Так он себе говорит.
А здесь — пропахший летом бревенчатый дом и слойки с абрикосом, и россыпь бело-розовых лепестков на окне.
Здесь остановилось время. Оно больше никуда не идет. И можно просто закрыть глаза.
Снейп сидит так непривычно для себя в самом пятне солнечного света; тот пробивается сквозь веки чистым белым. Пахнет зелено, как после речки, и еще до одури душисто — это все распроклятая футболка. Хлопковая, такая мягкая, будто касание кошачьей лапы. Снейп все крутит пальцы вокруг собственного запястья — пытается натянуть пониже несуществующий рукав.
— Ты очень красивый мальчик, — говорит Хоуп Люпин, и Снейп открывает глаза.
Хоуп вышла на крыльцо, она маленькая и светлая — в длинном платье с широкими рукавами и узорами из птиц.

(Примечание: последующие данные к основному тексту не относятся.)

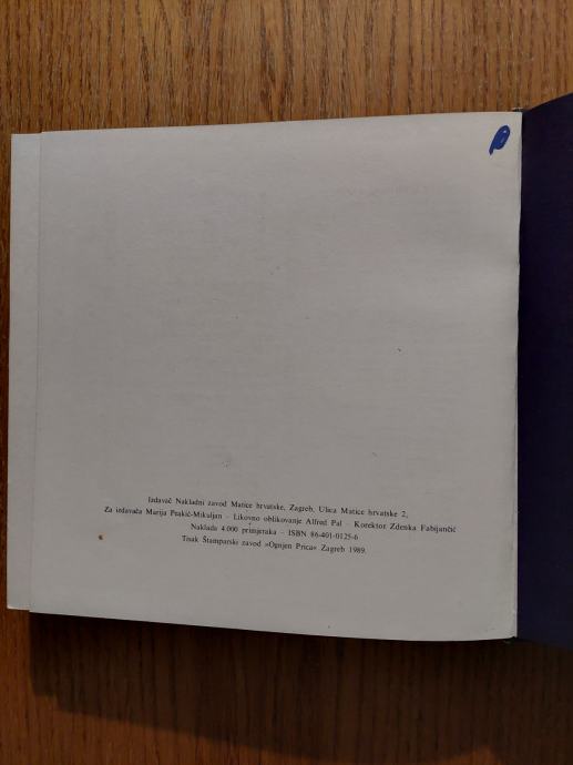 - Izdavač : Nakladni zavod Matice hrvatske , Zagreb, 1989.
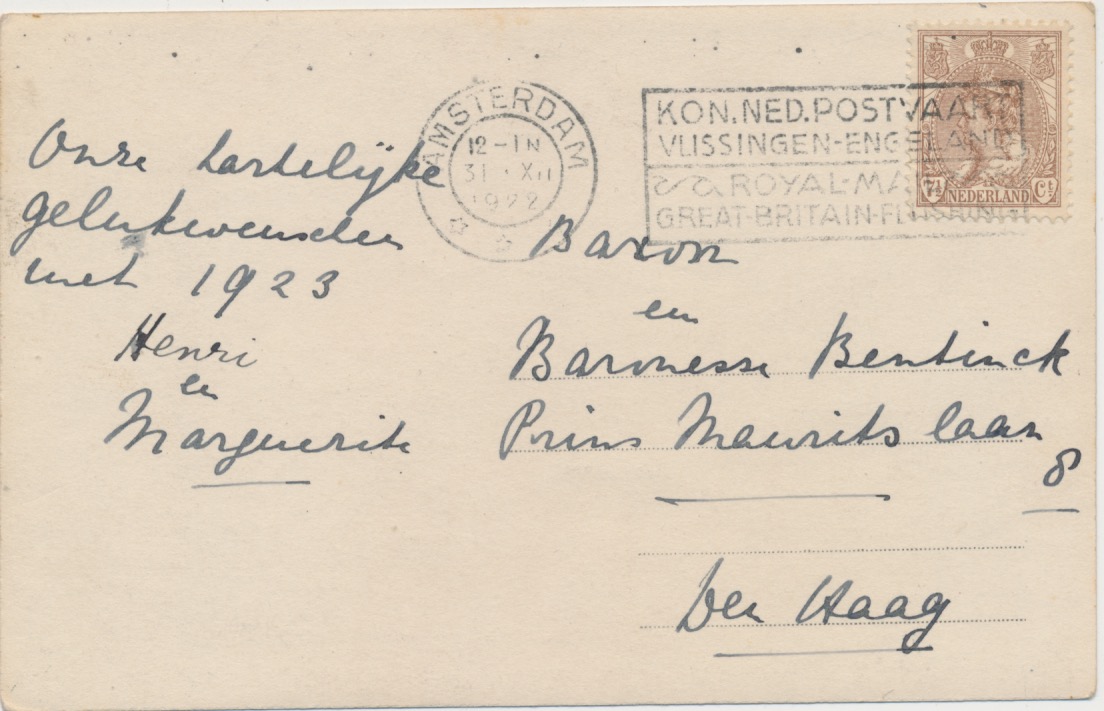 belijnde gelopen fotokaart, gestempeld Amsterdam, 31-XII-1922, verzonden naar Den Haag
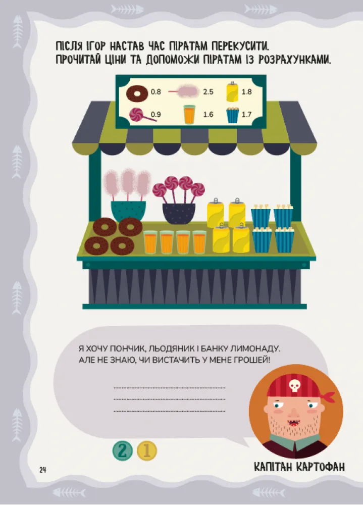 Підручник створений за концепцією навчання через гру. Завдання супроводжуються піратськими пригодами, інтерактивними історіями та понад 92 яскравими наліпками. Це значно підвищує зацікавленість дитини та допомагає краще засвоїти матеріал.
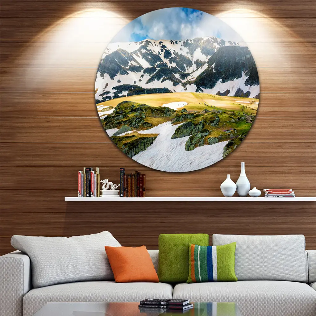 Bring Contemporary Abstraction to your home with this large Circle Metal wall art. This Rila lakes and Mountains in Bulgaria Metal Artwork makes it the focal point of any room or office. - White Gloss Coating ensures colors are extra vibrant with light reflection.- Aluminum grade Sheet Metal with 1 inch mounting frame on the back giving the illusion that the artwork is floating on the wall..- Mounting Brackets are included along with instructions.- High Quality Digital images are created directly into a glossy aluminum panel producing a stunning and captivating print into the glossy finish of the metal.- Water, Fire and Scratch resistant HD Aluminum panels.- Looks better than any photo paper and guaranteed to last at least 20 years- Easy to clean with a microfiber cloth. Colors are far superior to regular Canvas Art. - Easy to Hang
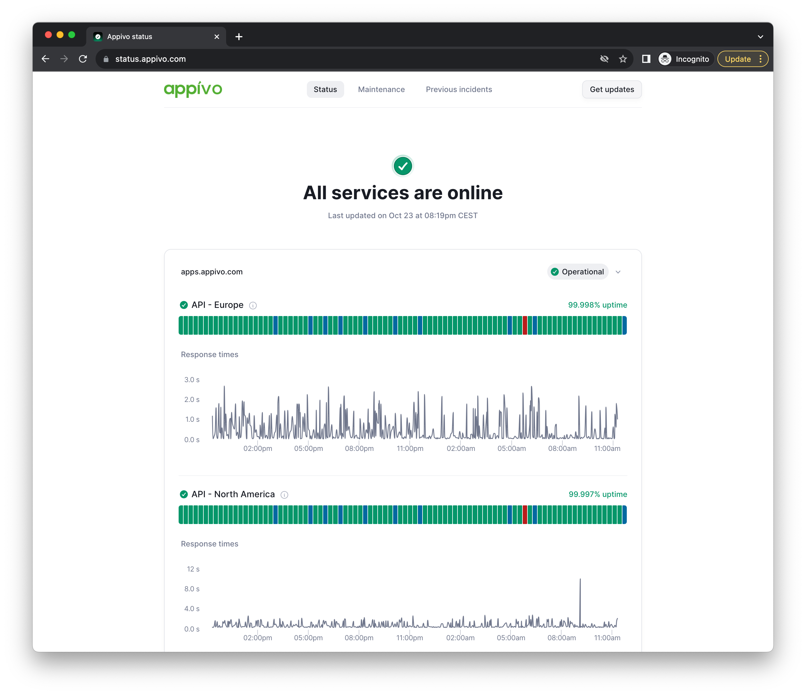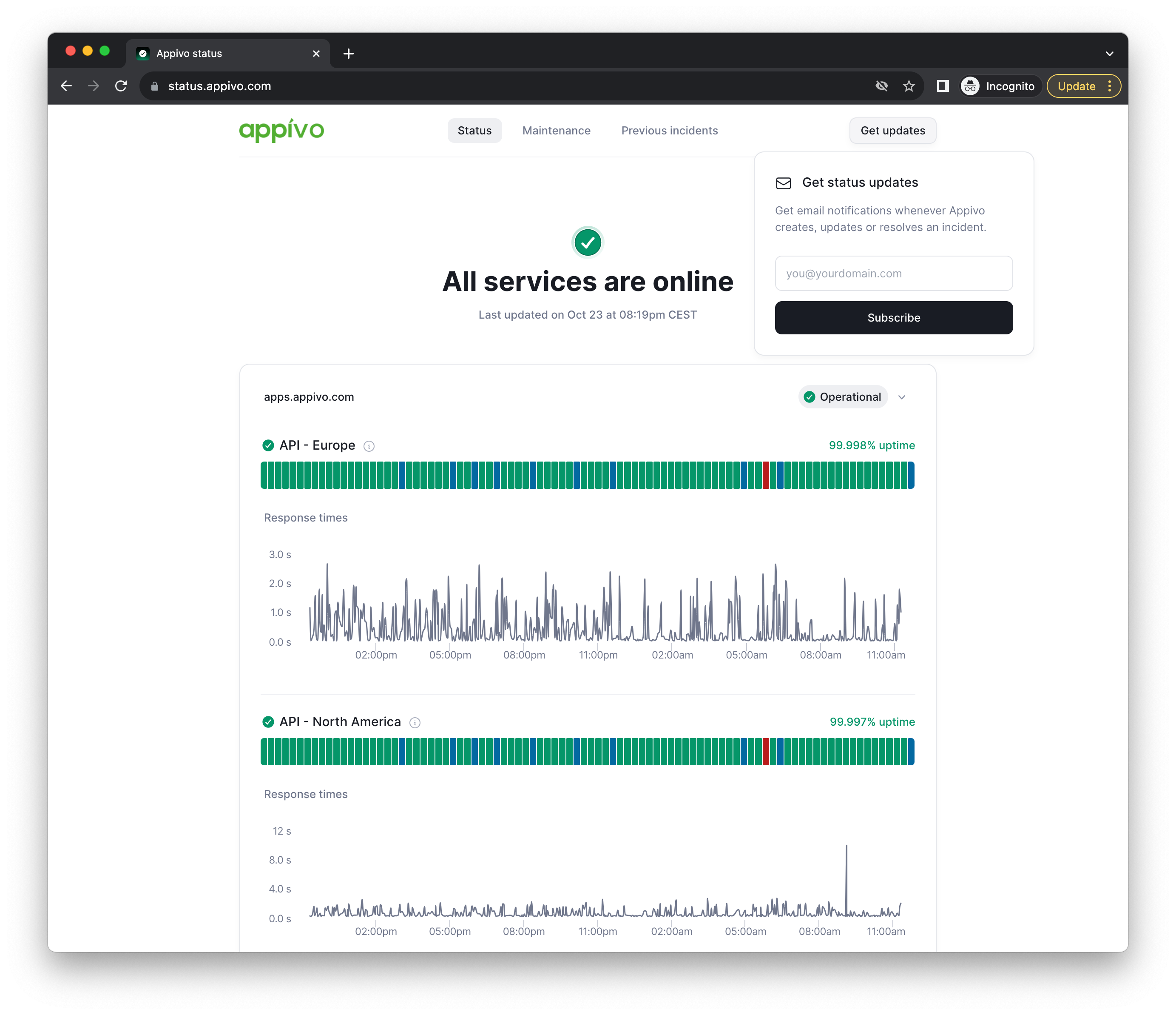 Probably not, unless maybe if there's a scheduled maintenance window. You can go to status.appivo.com to check the current status and subscribe to maintenance notifications.
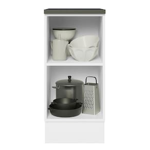 O Balcão de 35 cm da linha Acordes da Madesa é produzido em 100% MDF e composto por materiais de alta qualidade, como puxadores em alumínio e dobradiças metálicas.
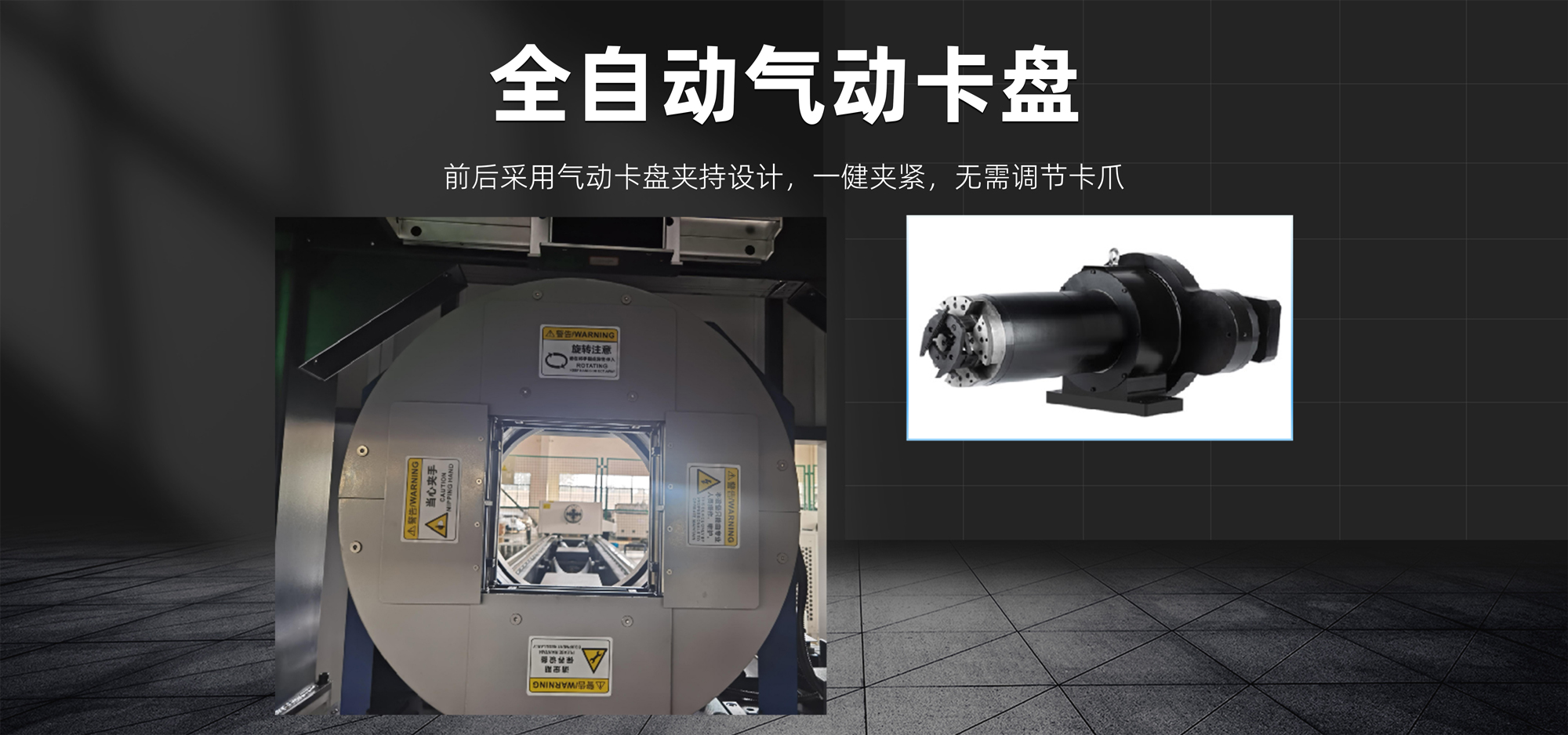 前后采用氣動卡盤夾持設計,一鍵夾緊,無需調節卡爪
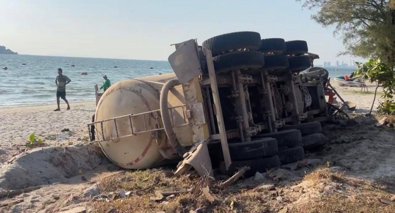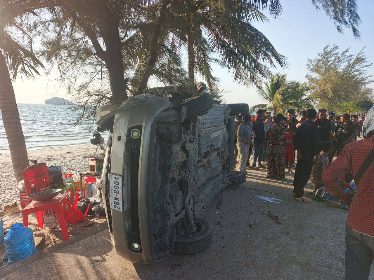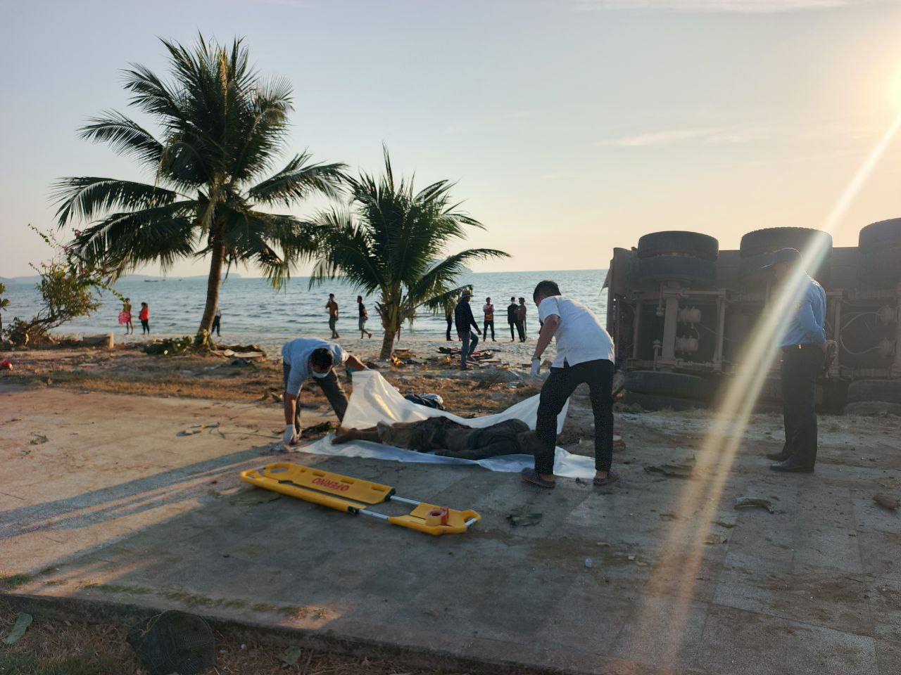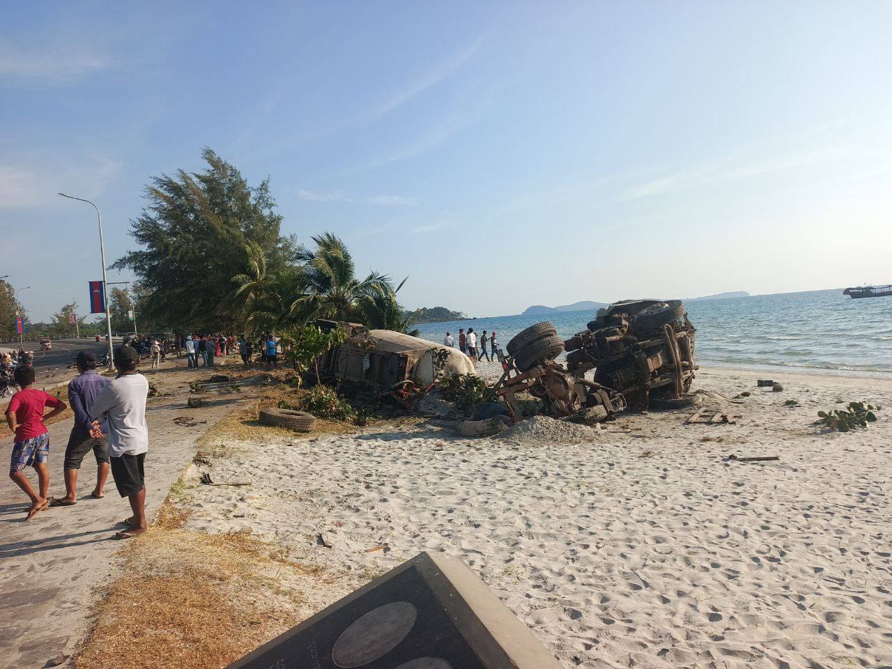 (ព្រះសីហនុ)៖ រថយន្តដឹកសុីម៉ង់ត៍មួយគ្រឿងបុករះ រួចក្រឡាប់ទៅលើដីឆ្នេរសមុទ្រ បណ្តាលឲ្យមានមនុស្សស្លាប់ និងរបួសព្រមទាំងខូចខាតយានយន្តច្រើនគ្រឿងទៀត ខណៈជនបង្កកំពុងឃាត់ខ្លួន នៅផ្លូវចុងឆ្នេរអូរត្រេះ ខេត្តព្រះសីហនុ។
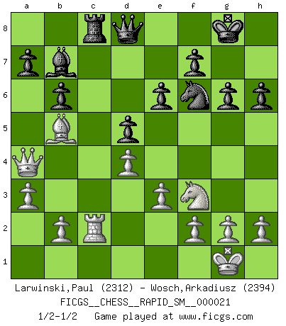 Last move : 1/2-1/2 2019 March 2 19:17:52 [Event "FICGS__CHESS__RAPID_SM__000021"] [Site "FICGS"] [Date "2019.01.15"] [Round "1"] [White "Larwinski,Paul"] [Black "Wosch,Arkadiusz"] [Result "1/2-1/2"] [WhiteElo "2312"] [BlackElo "2394"] 1.d4 Nf6 2.c4 e6 3.Nf3 d5 4.Bg5 Be7 5.e3 O-O 6.Nc3 Nbd7 7.Qc2 c6 8.a3 h6 9.Bh4 b6 10.cxd5 cxd5 11.Bd3 Bb7 12.O-O Rc8 13.Nd2 Ne8 14.Bxe7 Qxe7 15.Qb3 Nd6 16.Rac1 g6 17.Rc2 Rc7 18.Rfc1 Rfc8 19.Nf3 Qd8 20.Nb5 Rxc2 21.Rxc2 Nxb5 22.Bxb5 Nf6 23.Qa4 1/2-1/2 Queen's pawn game Kingside Castling by player Black (move 5) Kingside Castling by player White (move 12) This chess game ended in a draw. Follow this game move after move (download)When I asked Fischer why he had not played a certain move in our game, he replied: 'Well, you laughed when I wrote it down !' (Mikhail Tal) Ich rechne überhaupt nicht voraus. Ich gewinne auch so. (Robert James Fischer) No es tiempo de jugar al Ajedrez cuando la casa esta en llamas. (Proverbio Italiano) J'ai vu le vaincu d'Echecs jouer des années durant dans l'espoir de la fête de la victoire. Car tu es plus riche de ce qu'elle existe si même elle n'est point pour toi. Ainsi de la perle du fond des mers. (Antoine de Saint-Exupéry) The absolute truth is the thing that makes people laugh. (Carl Reiner)

В ее руках новый ловец — на этот раз переплетенье янтаря, рубина и золота. В голубых глазах знакомые теплые искорки и на щеках — милые ямочки. Люпин не очень-то и похож на мать, но в то же время — он ее копия.
— У тебя интересная внешность, — улыбается Хоуп, не подходя ближе, а пальцы ее снуют, выплетая тонкие нити. — И ты очень загадочный. Будто бы знаешь все на свете, но не знаешь, как об этом рассказать.
Кажется, Снейп понимает, от кого Люпин унаследовал талант говорить даже самые неуместные вещи с той непосредственностью, от которой щемит под сердцем и язык вяжет горьким привкусом.
— И изумрудный тебе к лицу, — она не смеется и смеется одновременно, указывая взглядом на новое приобретение Снейпа. Лицо ее смягчается разом углубившимися теплыми ямочками.
Снейп смущается, позабыв скрыть — мысли кутают в стыдливое напоминание. Как не мог выбрать из предложенного; как морщился на пастельные тона, высветляющие его кожу до жалкой бледности; как неловко было, когда Люпин трансфигурировал ткань в другой цвет наугад. Простейшее из заклинаний.
И Снейп тут же вспомнил — он ведь тоже уже совершеннолетний. Тоже может колдовать, может дать отпор отцу — почему сразу не сделал этого?.. — может защитить мать.
Только это уже никому и не нужно…
Хоуп уходит, улыбнувшись напоследок. Дверь, открытая нараспашку, порой потрескивает, нагреваясь на солнце; тихо перестукивается занавес из деревянных бус, покачиваясь на ветру.
Вместо Хоуп появляется Люпин. Признаться, заметить разницу сразу — не так-то просто.
— Мы отправили письмо твоей матери, — говорит он без обиняков; усаживается рядом так близко, что их острые колени едва не соприкасаются. — Отец обещал трансгрессировать по их адресу и проверить все самолично. Он вернется с вестями вечером, — Люпин поднимает голову к небу, и радужка его становится насквозь прозрачной. — То есть через несколько часов.
Снейп о таком не просил — а Люпин не предлагал. Просто сделал и поставил перед фактом. Будто бы все это само собой разумеется — даже обсуждать не нужно.
Такую благодарность Снейп выразить не умеет. Даже не знает, как — даже не знает, что она может быть такой огромной. Она душит, почти щиплет на глазах, и от того нисколечко ни проще.
— Почему ты мне помогаешь? — выдает резко, словно наносит полосную взмахом ножа.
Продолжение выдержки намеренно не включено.